# Extractive summarization

The simplest way to summarize a block text is by selecting the most important sentence. This is called *extractive summarization*. 

Let's try some algorithms on the first chapter of "_A Scandal in Behomia_".

In [1]:
%load_ext autoreload
%autoreload 2

In [46]:
from book_reading import Book

sherlock=Book("books/Sherlock.html")

first_chapter_p=[*sherlock.get_paragraphs(0,0)]

In [47]:
first_chapter_p[0]

'To Sherlock Holmes she is always the woman. I have seldom heard him mention her under any other name. In his eyes she eclipses and predominates the whole of her sex. It was not that he felt any emotion akin to love for Irene Adler. All emotions, and that one particularly, were abhorrent to his cold, precise but admirably balanced mind. He was, I take it, the most perfect reasoning and observing machine that the world has seen, but as a lover he would have placed himself in a false position. He never spoke of the softer passions, save with a gibe and a sneer. They were admirable things for the observer—excellent for drawing the veil from men’s motives and actions. But for the trained reasoner to admit such intrusions into his own delicate and finely adjusted temperament was to introduce a distracting factor which might throw a doubt upon all his mental results. Grit in a sensitive instrument, or a crack in one of his own high-power lenses, would not be more disturbing than a strong emo

## TextRank

A very naive algroithm, that just uses word frequency to decide the importance. 

In [48]:
import gensim
from gensim.summarization import summarize

In [49]:
summarize(first_chapter_p[0])

'It was not that he felt any emotion akin to love for Irene Adler.\nAll emotions, and that one particularly, were abhorrent to his cold, precise but admirably balanced mind.'

In [50]:
print(summarize(first_chapter_p[1]))

I had seen little of Holmes lately.


What happens if we do this for every paragraphs? Will it be understandable?

In [53]:
for p in first_chapter_p:
    try:
        summary=summarize(p)
        if len(summary)>0:
            print(summary)
    except:
        continue

It was not that he felt any emotion akin to love for Irene Adler.
All emotions, and that one particularly, were abhorrent to his cold, precise but admirably balanced mind.
I had seen little of Holmes lately.
His rooms were brilliantly lit, and, even as I looked up, I saw his tall, spare figure pass twice in a dark silhouette against the blind.
Now, I know that there are seventeen steps, because I have both seen and observed.
Stay where you are.
From the lower part of the face he appeared to be a man of strong character, with a thick, hanging lip, and a long, straight chin suggestive of resolution pushed to the length of obstinacy.
Living in London—quite so!


What if we pass a full chapter?

In [54]:
print(summarize(" ".join([*first_chapter_p])))

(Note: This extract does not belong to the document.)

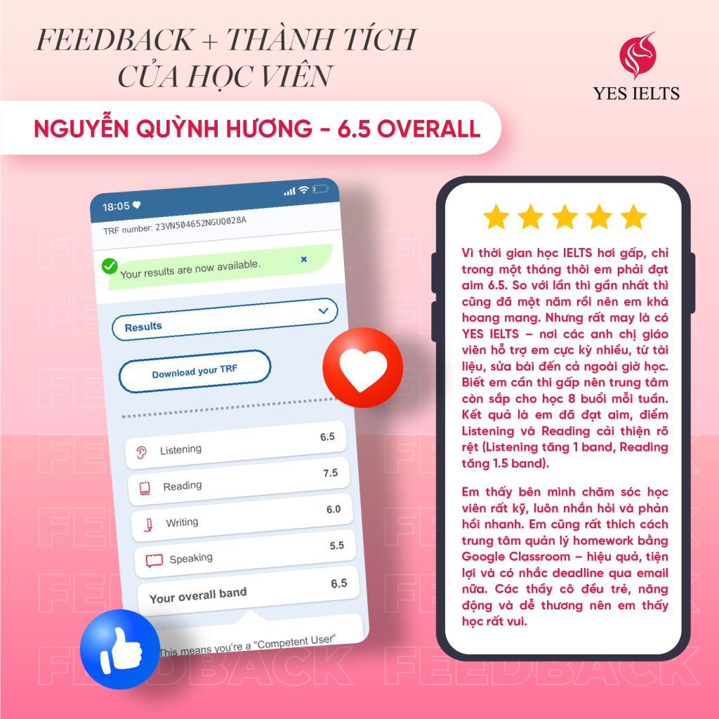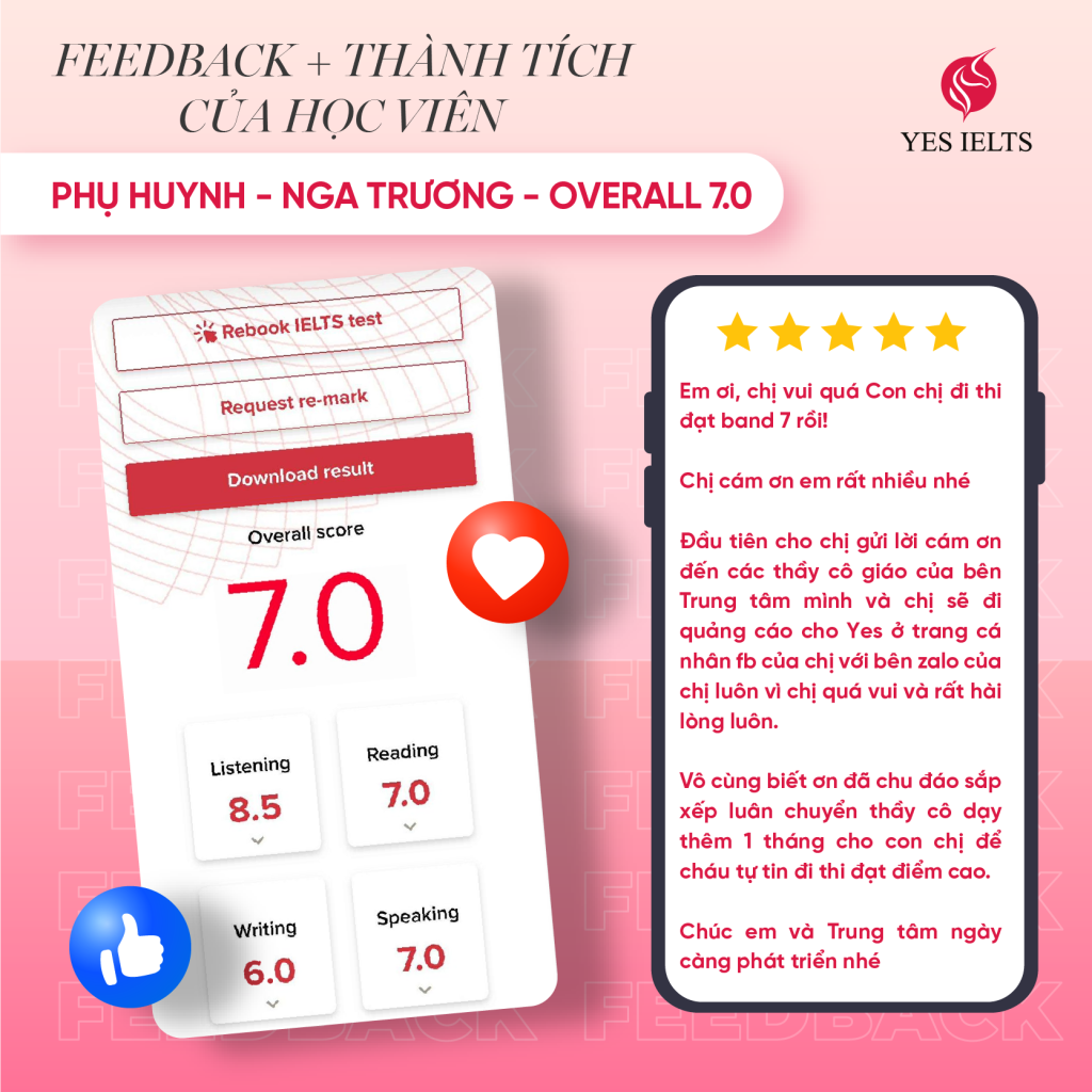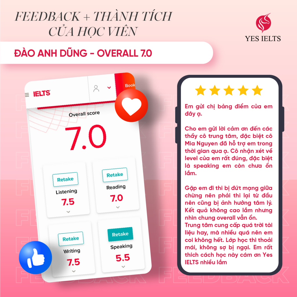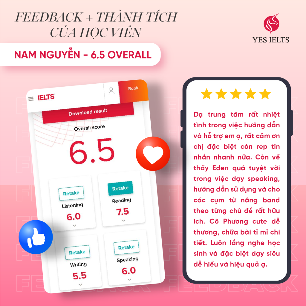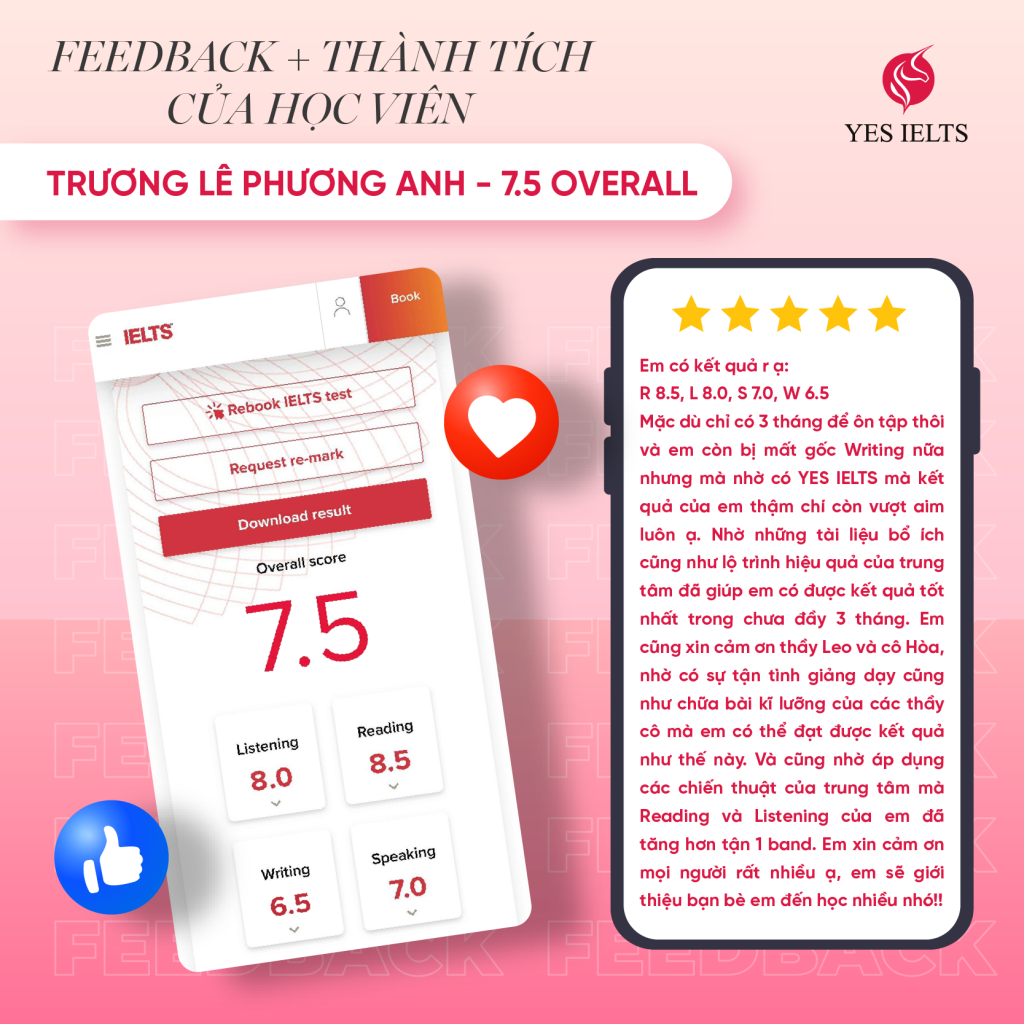May mắn nhất là mình được thầy Leo ở YES IELTS theo sát quá trình ôn luyện, thầy hướng dẫn từ phát âm, đến tốc độ và từ vựng mới. Vậy nên, việc mình kiên trì ôn luyện chỉ mới là điều kiện cần, còn điều kiện đủ vẫn là có một người đồng hành thực sự hết mình vì mục tiêu của học viên.

I had seen little of Holmes lately.
My own complete happiness, and the home-centred interests which rise up around the man who first finds himself master of his own establishment, were sufficient to absorb all my attention, while Holmes, who loathed every form of society with his whole Bohemian soul, remained in our lodgings in Baker Street, buried among his old books, and alternating from week to week between cocaine and ambition, the drowsiness of the drug, and the fierce energy of his own keen nature.
As I passed the well-remembered door, which must always be associated in my mind with my wooing, and with the dark incidents of the Study in Scarlet, I was seized with a keen desire to see Holmes again, and to know how he was employing his extraordinary powers.
How do I know that you have been getting yourself very wet lately, and that you have a most clumsy and careless servant girl?” “My dear Holmes,” said I, “this is too much.
“It is simplicity itself,” said he; “my eyes tell me tha

It is clear that is won't do for **litarature** texts, no matter how much we will fine-tune the options. Sentences rely heavily on the context, not to speak of dialogue, which makes no sence at all out-of-context.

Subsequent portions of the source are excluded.